Venezuela acaba de presenciar la gran farsa del 6D, cuyo resultado había sido “profetizado” por el Ministro de la Defensa. Para los conocedores de la naturaleza del Régimen no constituían ningún secreto las artimañas para asegurar los resultados. ¿Vicios del proceso? Innumerables. Ejemplos: integración monopólica del CNE, instrumentalización del TSJ y de la FA, espada de Damocles de la ANC, expropiación de partidos y símbolos, diputados y líderes opositores en exilio o prisión (en casos, con torturas), chantaje con cajas de alimentos y utensilios del hogar, hegemonía comunicacional, amenazas a empleados. Con todo, el absentismo masivo fue también deslegitimador patente del proceso. Por lo demás, era previsible por la magnitud de las carencias y del malestar de la población.

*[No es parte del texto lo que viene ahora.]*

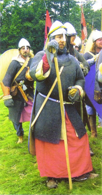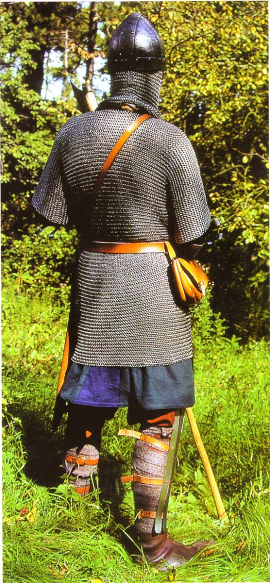 Наручи полосчатой конструкции. Обратите внимание на различную длину металлических полос. Более длинные полосы закрывают локоть. Деревянные ножны у левого бедра обтянуты кожей. Перевязь, на которых висят ножны, пропущена под поясным ремнем. Небольшой кожаный чехол у ножен обычно вмещал ножницы для стрижки бороды и волос на голове. На поясном ремне также носили нож. Вид сзади на варяжского гвардейца. Ремешки поножей застегиваются па икре с помощью пряжки. Под кольчугу поддета шерстяная рубаха, в полу которой вставлен треугольный клин. Небольшие принадлежности хранятся в кожаном подсумке на поясном ремне, застегнутом па костяную пуговицу. В подсумке может быть кремень, кресало и трут, а также ложка и чашка. Из-за своей массы византийские кольчуги делались с сравнительно короткими  рукавами, доходящими лишь до локтя. Здесь вместе с кольчугой воин носит полосчатые наручи и поножи. Поножи собраны из металлических полос, отогнутых у колена и лодыжки, чтобы не ограничивать движение в суставах. Обратите внимание на разную ширину ткани.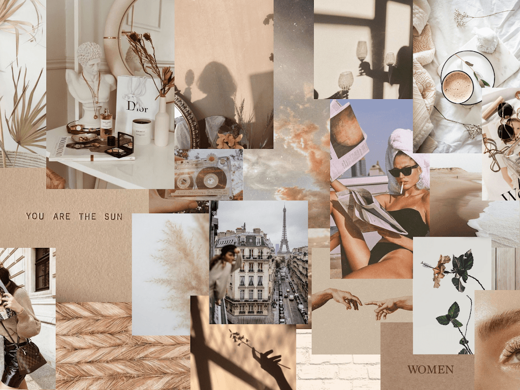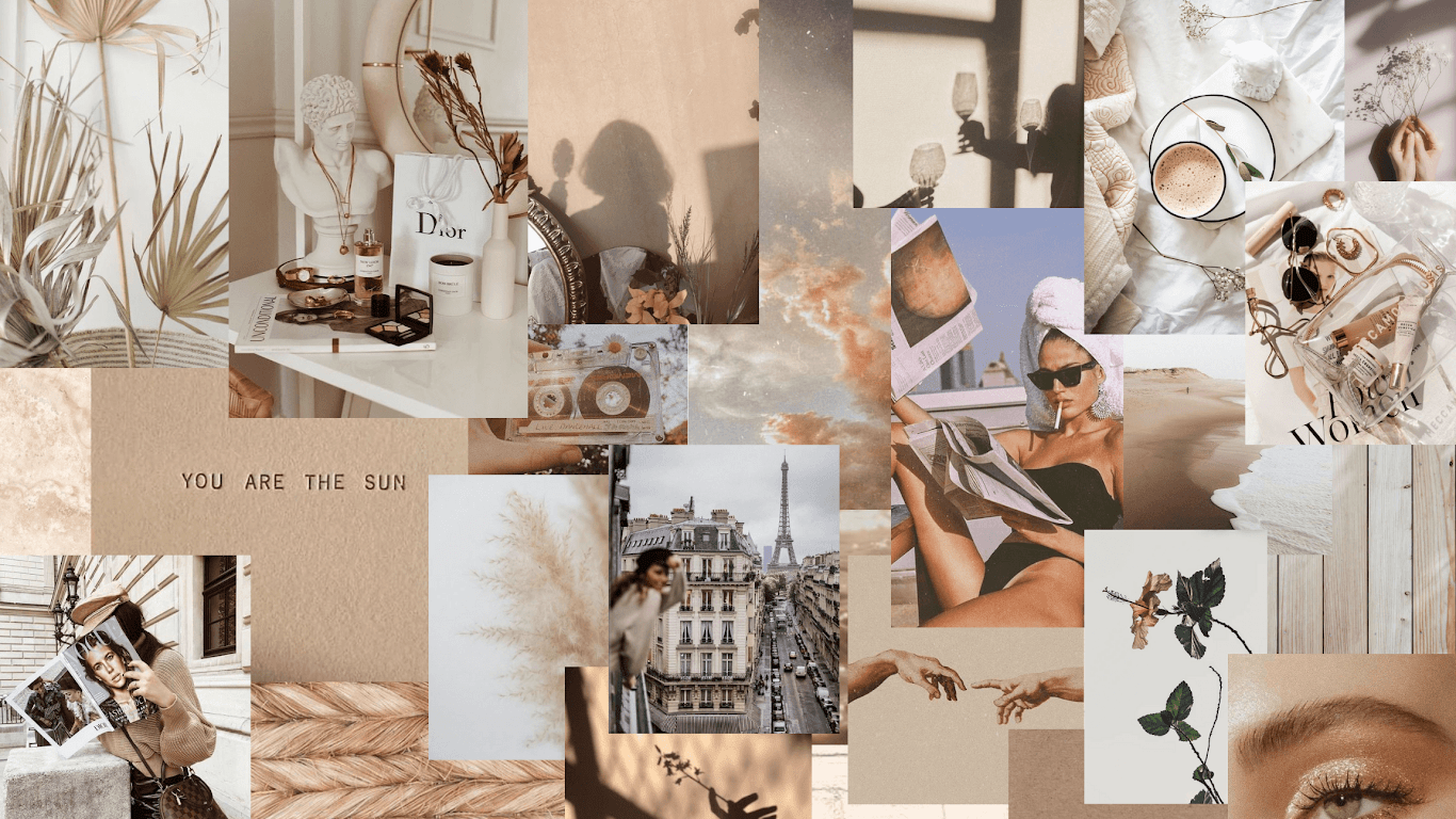 Beige, Aesthetic, Collage, Parisian Full HD Desktop Wallpaper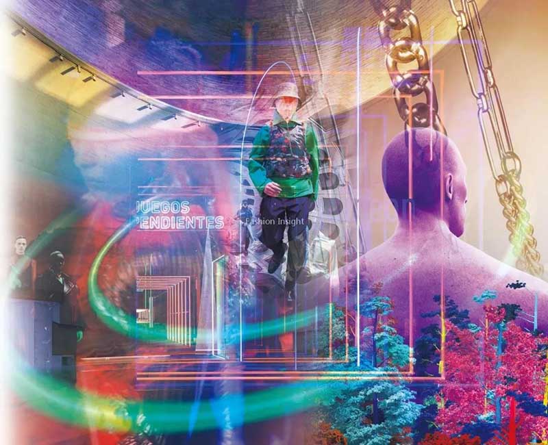 色彩对视觉和感官造成冲击。激发活跃思维的复古暖色调,渲染欢乐避世氛围,加强感染力,虚幻冷冽的光感色彩强调未来性与技术感融合的虚拟现实。色彩基调在浓烈与冷峻中调和,探索人与时尚未来的联系与思考;复古橙红色以幻蓝色点缀呈现科技复古外观,尽显强烈的超脱现实感,极具90年代狂欢气息;关注暗黑质感的亮彩色、数字亮色碰撞酸性强调色,呈现振奋不羁的电光感;红铜色与哑金色呈现技术光泽外观,活力十足的潮流色既能扫去暗沉的阴霾,也是对未来的憧憬和期盼。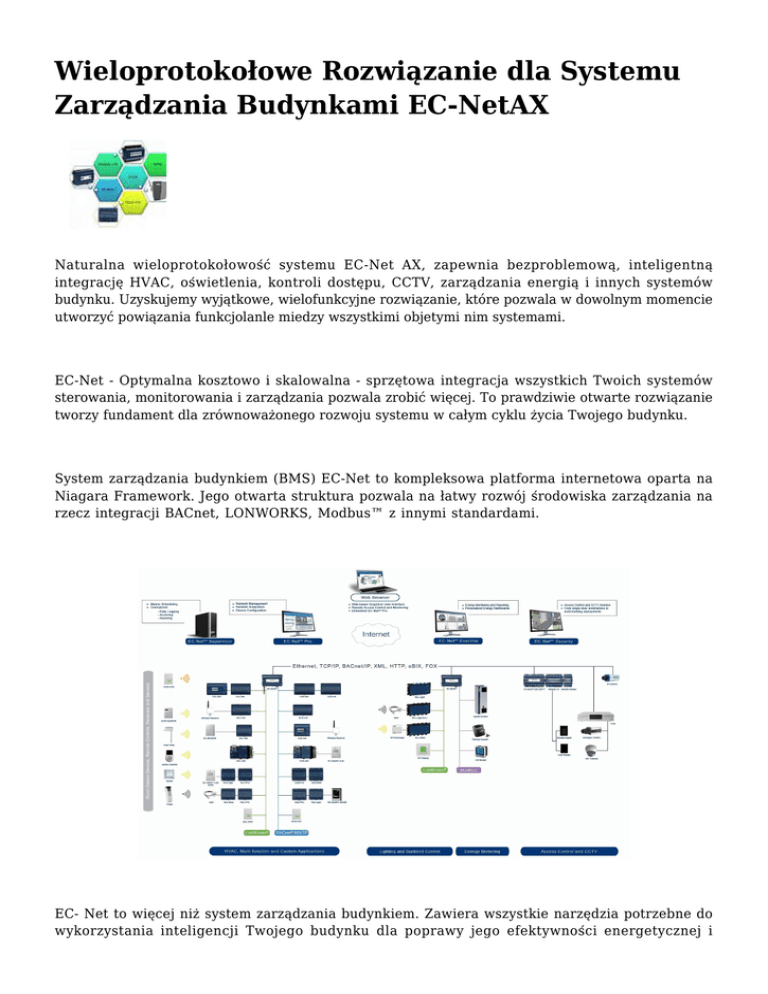 Wieloprotokołowe Rozwiązanie dla Systemu Zarządzania Budynkami EC-NetAX Naturalna wieloprotokołowość systemu EC-Net AX, zapewnia bezproblemową, inteligentną integrację HVAC, oświetlenia, kontroli dostępu, CCTV, zarządzania energią i innych systemów budynku. Uzyskujemy wyjątkowe, wielofunkcyjne rozwiązanie, które pozwala w dowolnym momencie utworzyć powiązania funkcjolanle miedzy wszystkimi objetymi nim systemami. EC-Net - Optymalna kosztowo i skalowalna - sprzętowa integracja wszystkich Twoich systemów sterowania, monitorowania i zarządzania pozwala zrobić więcej. To prawdziwie otwarte rozwiązanie tworzy fundament dla zrównoważonego rozwoju systemu w całym cyklu życia Twojego budynku. System zarządzania budynkiem (BMS) EC-Net to kompleksowa platforma internetowa oparta na Niagara Framework. Jego otwarta struktura pozwala na łatwy rozwój środowiska zarządzania na rzecz integracji BACnet, LONWORKS, Modbus™ z innymi standardami. EC- Net to więcej niż system zarządzania budynkiem. Zawiera wszystkie narzędzia potrzebne do wykorzystania inteligencji Twojego budynku dla poprawy jego efektywności energetycznej i uzbrojenia go w zdolność do szybkiego reagowania na sytuacje, mogące mieć negatywny wpływ na zużycie energii, stan techniczny, a ostatecznie jego rentowność. Najważniejsze cechy ● ● ● ● ● ● ● ● BACnet, (LONworks, standardach powszechnych wsyatkich we urządzeń integracja awotęzrpS Modbus, Mbus, KNX i wiele innych) Wymiana danych miedzy urządzeniami różnych standardów bez udziału komputera. Programowanie, zarządzanie i monitorowanie systemu (i urządzeń!) z dowolnego miejsca za pomocą przeglądarki internetowej, pełny zdalny serwis. Zarządzanie rozproszonymi geograficznie instalacjami jak jednolitym systemem Współpraca z wieloma producentami - wybieraj najlepsze w swojej klasie produkty od różnych dostawców, przedłuż okres użytkowania istniejących systemów, rozszerzaj możliwości, niezależnie od ich producenta lub protokołu komunikacji Wykorzystaj inteligencję systemu łącząc go czasie rzeczywistym z aplikacjami korporacyjnymi takimi jak księgowość, rozliczenia najemców, zarządzania energią czy interfejsy monitorowania zużycia mediów Stosuj otwarte standardy jako najbardziej właściwą metodę łączenia infrastruktury technicznej z sieciami IT. Monitorowanie, potwierdzanie i przeglądanie alarmów, ich zaawansowana obróbka i przekierowanie na e-mail lub urządzenia przywoławcze Wspólna platforma oferuje funkcje globalne takie jak kontrola sieci, monitorowanie, alarmowanie, bazy danych, zarządzanie zarejestrowanymi danymi i ich analizę EC-NetAX EnerVue EC-NetAX EnerVue jest konfigurowalną, graficzną opartą o WEB aplikacją do zarządzania energią, która dostarcza natychmiastowej informacji na temat kluczowych obszarów działania instalacji z uwzględnieniem zużycia energii, funkcjonowania systemów mechanicznych i elektrycznych ich sprawnosci i parametrów krytycznych. Świadomi energetycznie operatorzy, odnajdą w EC-Net EnerVue idealne nadrzędzie dla zarządzania równowagą energetyczną obiektu. EC-BOS Sterowniki Web dla Budynków EC-BOS jest kompaktowym, zintegrowanym sterownikiem budynkowym, który łączy sterowanie, nadzór, rejestrację, alarmowanie, harmonogramy, oraz funkcje zarządzania sieci z łącznością internetową i serwera WEB. EC-BOS został zaprojektowany, aby integrować różne systemy i urządzenia w jednolity system obsługujący szeroki zakres protokołów takich jak, BACnet, LONWORKS, Modbus, i innych standardów. Rozwiązania dla mniejszych instalacji Dostępne są również urządzenia dla małych instalacji. Jednym z nich jest zintegrowany serwer internetowy I.lon, który można wykorzystać do budowy prostej wizualizacji urządzeń wykorzystujących wbudowane weń protokoły: Lonworks, Modbus lub Mbus. Urządzenie we własnej pamięci może również przechowywać zapisy zarejestrowanych parametrów oraz alarmów. Dostęp do systemu chroniony jest hasłem i jest możliwy z wielu stanowisk zarówno z sieci lokalnej jak i z dowolnego miejsca poprzez internet. Warto również wspomnieć o grupie urządzeń M2M, kóre są kompaktowymi wersjami EC-BOS. M2M został zaprojektowany specjalnie do zdalnego monitorowania i kontroli stosowania w mniejszych instalacjach, szczególnie dla modernizowanych istniejących budynków. Łączy w sobie zintegrowane sterowanie, alarmowanie, rejestrowanie danych, planowanie, nadzór oraz funkcje zarządzania siecią, w kompaktowej obudowie do montażu ściennego. Oprócz portów Ethernet przewodowej posiada 16 punktów I/O do wykorzystania, zasilanie 230 Vi (opcjonalnie) modem GPRS. KONTAKT Distech Controls
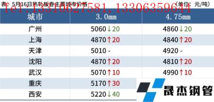 熱軋板卷:5月16日,全國24個主要城市4.75mm熱軋板卷均價5013元/噸,較上個交易日下跌8元/噸。受期貨盤面的影響午后價格小幅上揚(yáng),但成交普遍一般,看弱情緒仍在部分蔓延,商家多數(shù)仍謹(jǐn)慎操作,預(yù)計17日全國熱軋板卷價格將呈現(xiàn)小幅上漲的態(tài)勢。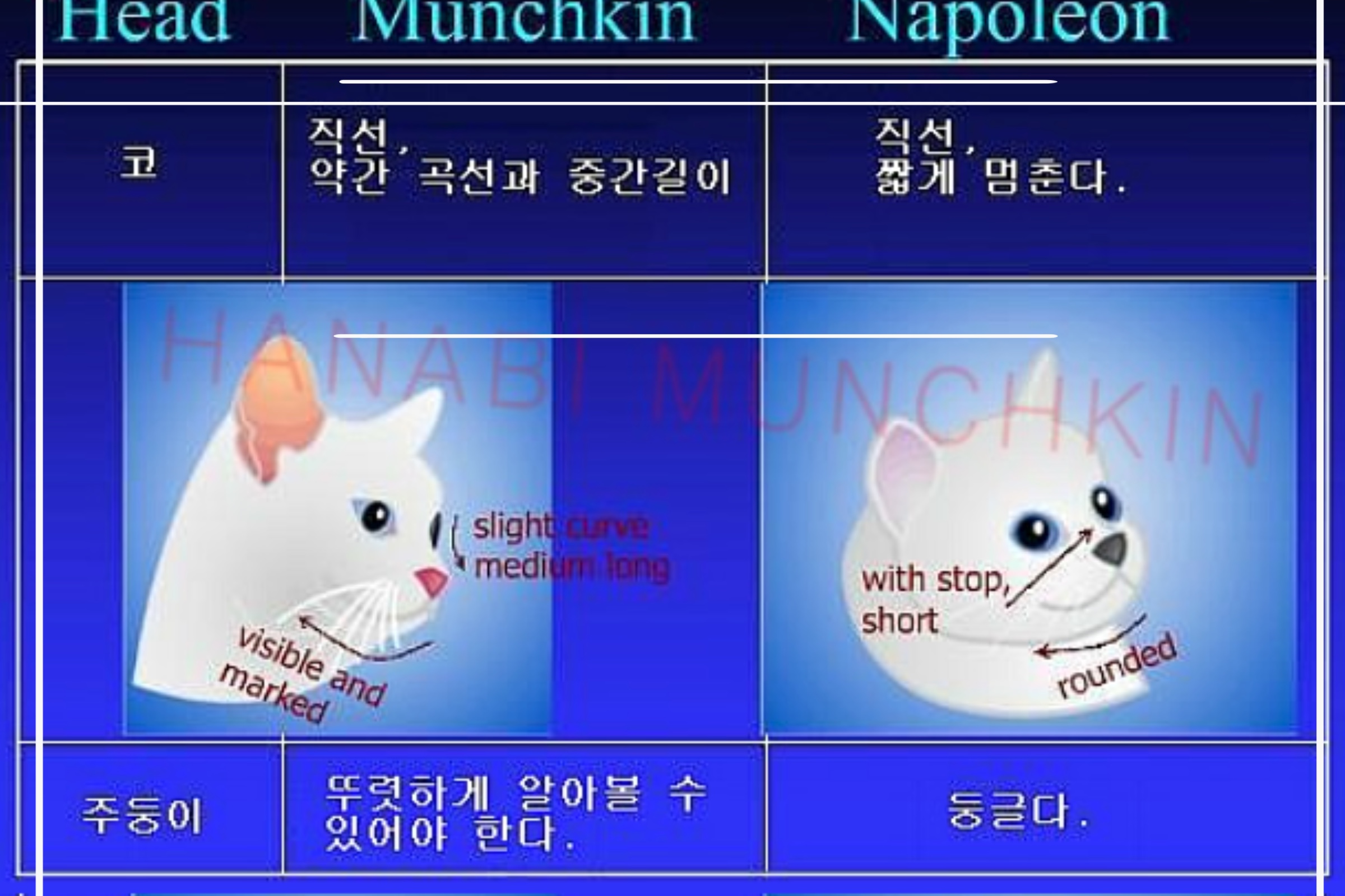 먼치킨의 주둥이는 날렵한게 뚜렷하게 알아볼 수 있어야 합니다. |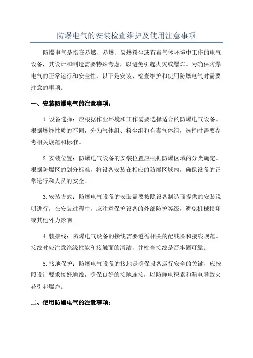 三、防爆电气设备的安装3.1 使用专业的电气工程师进行防爆电气设备的安装和布线工作。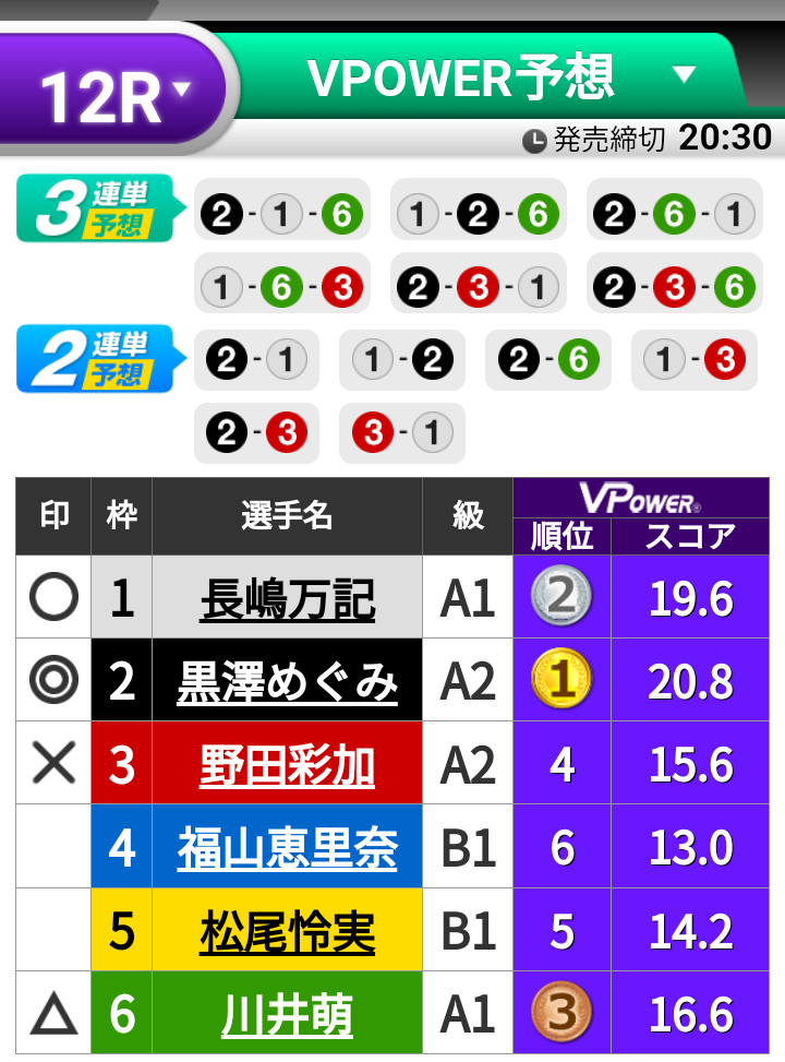 ⑫136⇒3連単 164 3,700円 13/野田:5S

    Sobre consulta popular he venido hablando de ello desde bien antes del famoso 16J, como apelación necesaria y con plena justificación constitucional. Porque si la instancia máxima de decisión en una comunidad política es el soberano, como lo establece claramente nuestra Carta Magna (CRBV 5), al mismo se debe acudir, especialmente en momentos de gravísima crisis nacional -como la actual venezolana-, para definir el camino a seguir hacia una solución consistente. El soberano tiene, en cuanto tal, un poder que es originario y, por tanto, también supraconstitucional. Por ello las preguntas de la Consulta Popular que está en marcha se encabezan así: “¿Ordena usted?” “¿Rechaza usted?” No se pide una opinión, sino un mandato del soberano.

    La ilegitimidad de la llamada “elección” del 6D es manifiesta. Ahora esperamos que el soberano, hacia la tarde del próximo 12, festividad de Nuestra Señora de Guadalupe, haya inaugurado el camino para salir del desastre global en que el Socialismo del Siglo XXI ha sumido este país.